● **GIVEN DATA**:
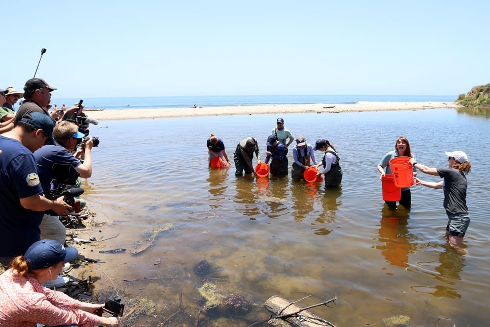 Heal the Bay and the Aquarium of the Pacific were ready to take the gobies, and cared for them until June 17, when Spies, Hoolihan, three CSUCI first year ESRM students, and partners returned the gobies to the lagoon while officials from the cooperating agencies stood by as the scientists and wildlife officials.
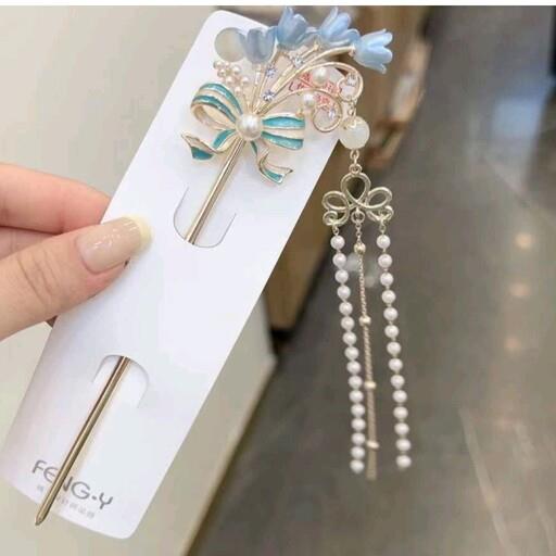 گیره مو زنانه مدل کانزاشی ژاپنی دوبل مروارید دار کد 4086
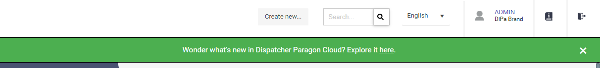 Whenever Dispatcher Paragon Cloud is updated to a new version, the notification with a link to the release notes appears at the top of the Dispatcher Paragon Cloud Web UI. It will be displayed until you close it manually. You will only see these notifications if you have the ViewNewReleaseNotification permission.
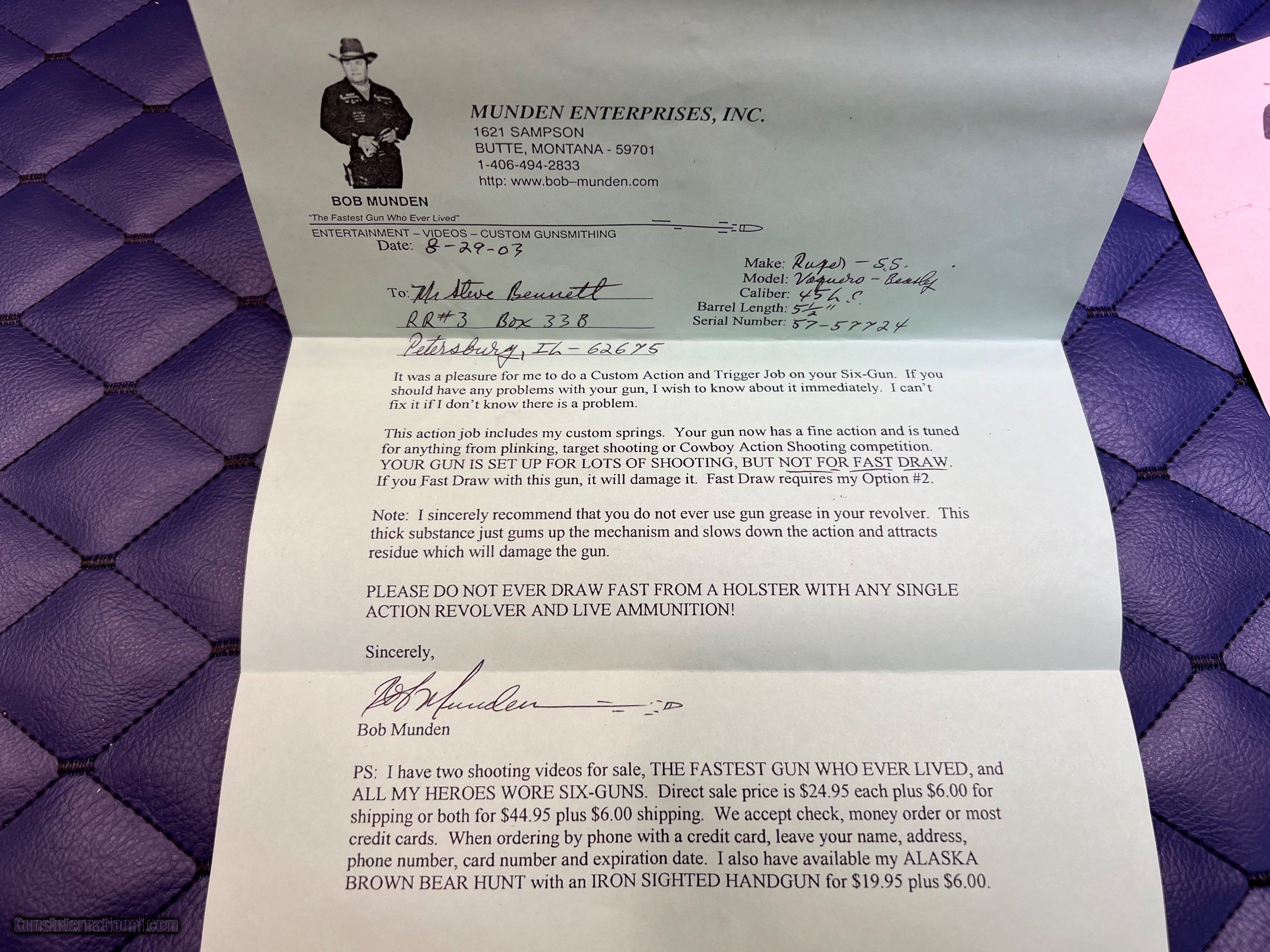 Used Good Condition Ruger Bob Munden Custom Vaquero .45LC, 5.5" Barrel
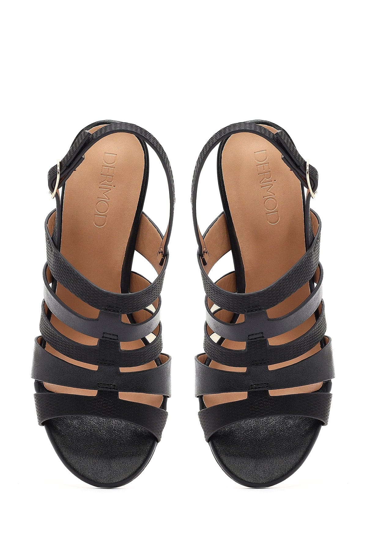 صندل زنانه مشکی پاشنهضخیم بنددار دری مد
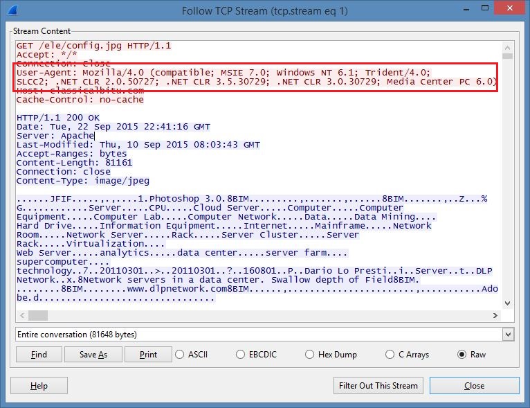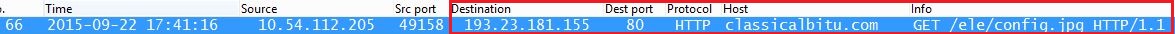 - 2015-09-22 – 17:41:16 – The computer download an (.jpg) image called config.jpg with hidden instructions.
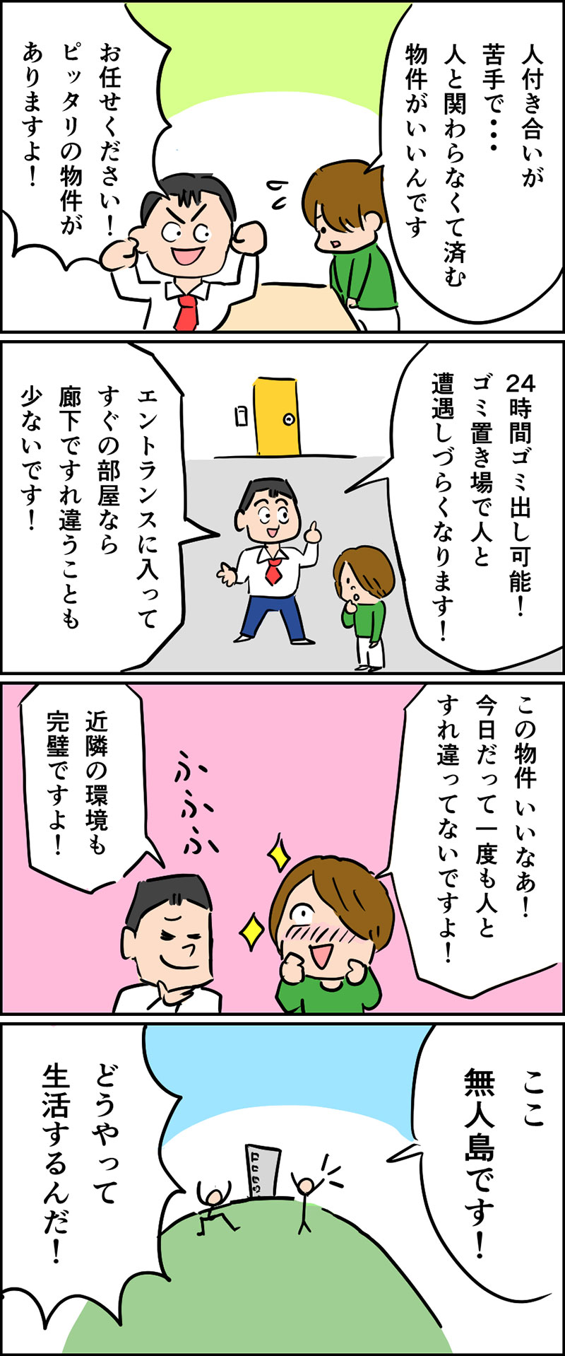 人付き合いを少なくするには、「人と顔を合わせにくい」物件を選びましょう!
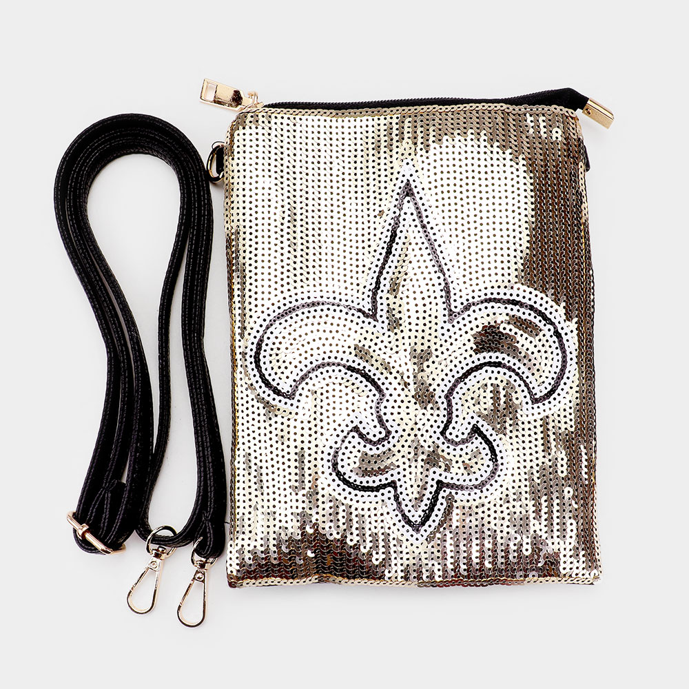 Fleur de Lis Accented Sequin Crossbody Bag
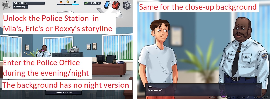 | Description | Version 0.17.5. See attachment. Steps to reproduce: 1. Progress in Mia's storyline or Eric's storyline or Roxxy's storyline until the Police Station location is unlocked. 2. Enter the Police Station. 3. Wait or the evening/night. 4. Enter the Police Office. Issues: • The background has no night version. • The close-up background used for the conversation has no night version. Solutions: • Add a night version for both backgrounds. | ||||
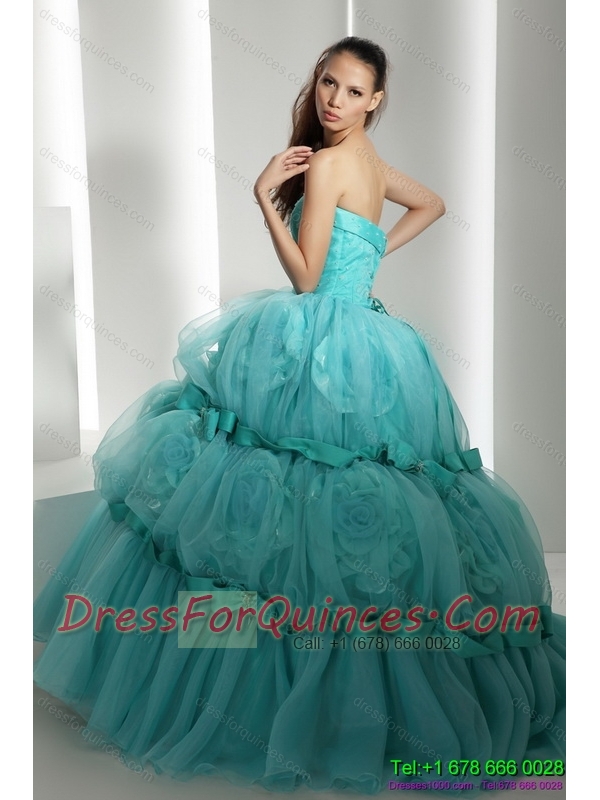 Best Floor Length 2015 Quinceanera Dresses with Hand Made Flowers and Beading
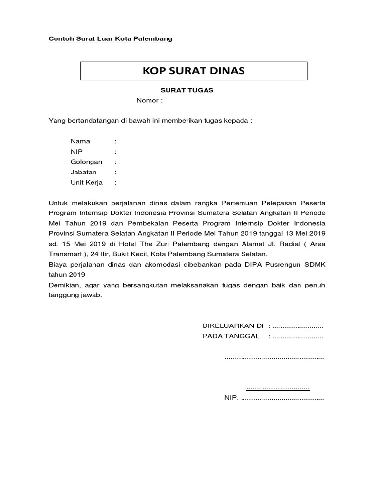 Contoh surat tugas perjalanan dinas keluar kota. Maka untuk pertanyaan di atas asalkan memenuhi syarat syarat di atas surat tugas daftar hadir output maka sudah terhitung perjalanan dinas dalam kota. Contoh surat tugas dinas sumber. Tugas kerja tersebut bisa. Sppd akan berisikan sebuah.
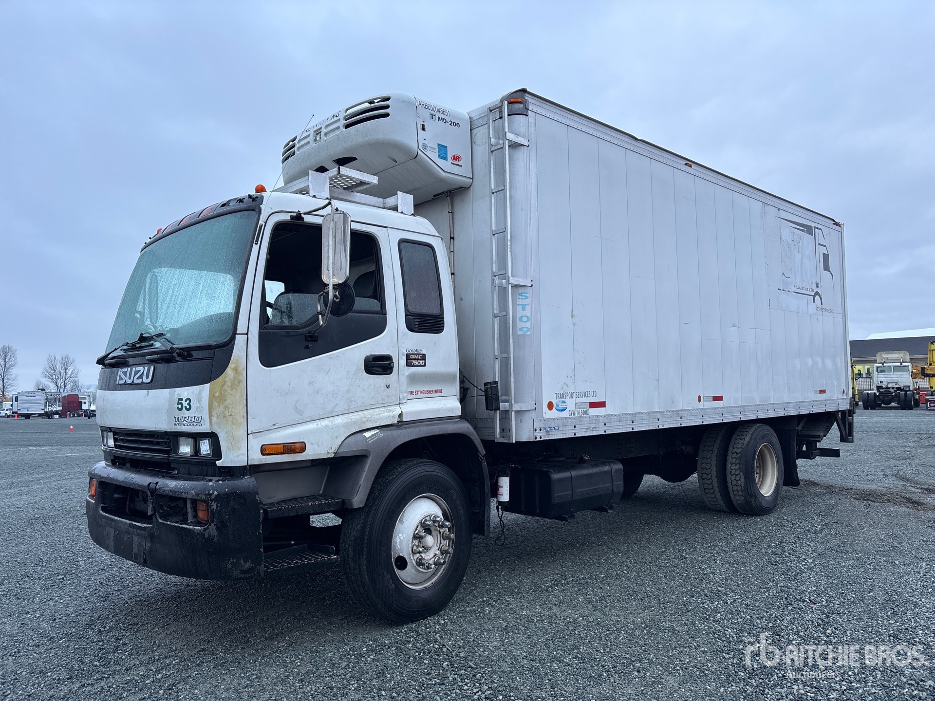 Moteur diesel Isuzu 6HK1X 475 cid 234 ch, homologué EPA US 2006, conforme aux normes CARB, transmission automatique, essieu avant 12 000 lb, essieu arrière 21 000 lb, PTAC 33 000 lb, pneus 11R22.5, suspension à ressorts, empattement 198 po, groupe frigorifique Thermo King MD-200, caisse Minoru 22 pi x 102 po de large x 98 po de hauteur, rampe d'accès

● **WHAT TO DO**: Leave the images out and output the remaining material exactly as it stands.

● **EXERCISE SOLUTION**:
 Heal the Bay and the Aquarium of the Pacific were ready to take the gobies, and cared for them until June 17, when Spies, Hoolihan, three CSUCI first year ESRM students, and partners returned the gobies to the lagoon while officials from the cooperating agencies stood by as the scientists and wildlife officials.
 گیره مو زنانه مدل کانزاشی ژاپنی دوبل مروارید دار کد 4086
 Whenever Dispatcher Paragon Cloud is updated to a new version, the notification with a link to the release notes appears at the top of the Dispatcher Paragon Cloud Web UI. It will be displayed until you close it manually. You will only see these notifications if you have the ViewNewReleaseNotification permission.
 Used Good Condition Ruger Bob Munden Custom Vaquero .45LC, 5.5" Barrel
 صندل زنانه مشکی پاشنهضخیم بنددار دری مد
 - 2015-09-22 – 17:41:16 – The computer download an (.jpg) image called config.jpg with hidden instructions.
 人付き合いを少なくするには、「人と顔を合わせにくい」物件を選びましょう!
 Fleur de Lis Accented Sequin Crossbody Bag
 | Description | Version 0.17.5. See attachment. Steps to reproduce: 1. Progress in Mia's storyline or Eric's storyline or Roxxy's storyline until the Police Station location is unlocked. 2. Enter the Police Station. 3. Wait or the evening/night. 4. Enter the Police Office. Issues: • The background has no night version. • The close-up background used for the conversation has no night version. Solutions: • Add a night version for both backgrounds. | ||||
 Best Floor Length 2015 Quinceanera Dresses with Hand Made Flowers and Beading
 Contoh surat tugas perjalanan dinas keluar kota. Maka untuk pertanyaan di atas asalkan memenuhi syarat syarat di atas surat tugas daftar hadir output maka sudah terhitung perjalanan dinas dalam kota. Contoh surat tugas dinas sumber. Tugas kerja tersebut bisa. Sppd akan berisikan sebuah.
 Moteur diesel Isuzu 6HK1X 475 cid 234 ch, homologué EPA US 2006, conforme aux normes CARB, transmission automatique, essieu avant 12 000 lb, essieu arrière 21 000 lb, PTAC 33 000 lb, pneus 11R22.5, suspension à ressorts, empattement 198 po, groupe frigorifique Thermo King MD-200, caisse Minoru 22 pi x 102 po de large x 98 po de hauteur, rampe d'accès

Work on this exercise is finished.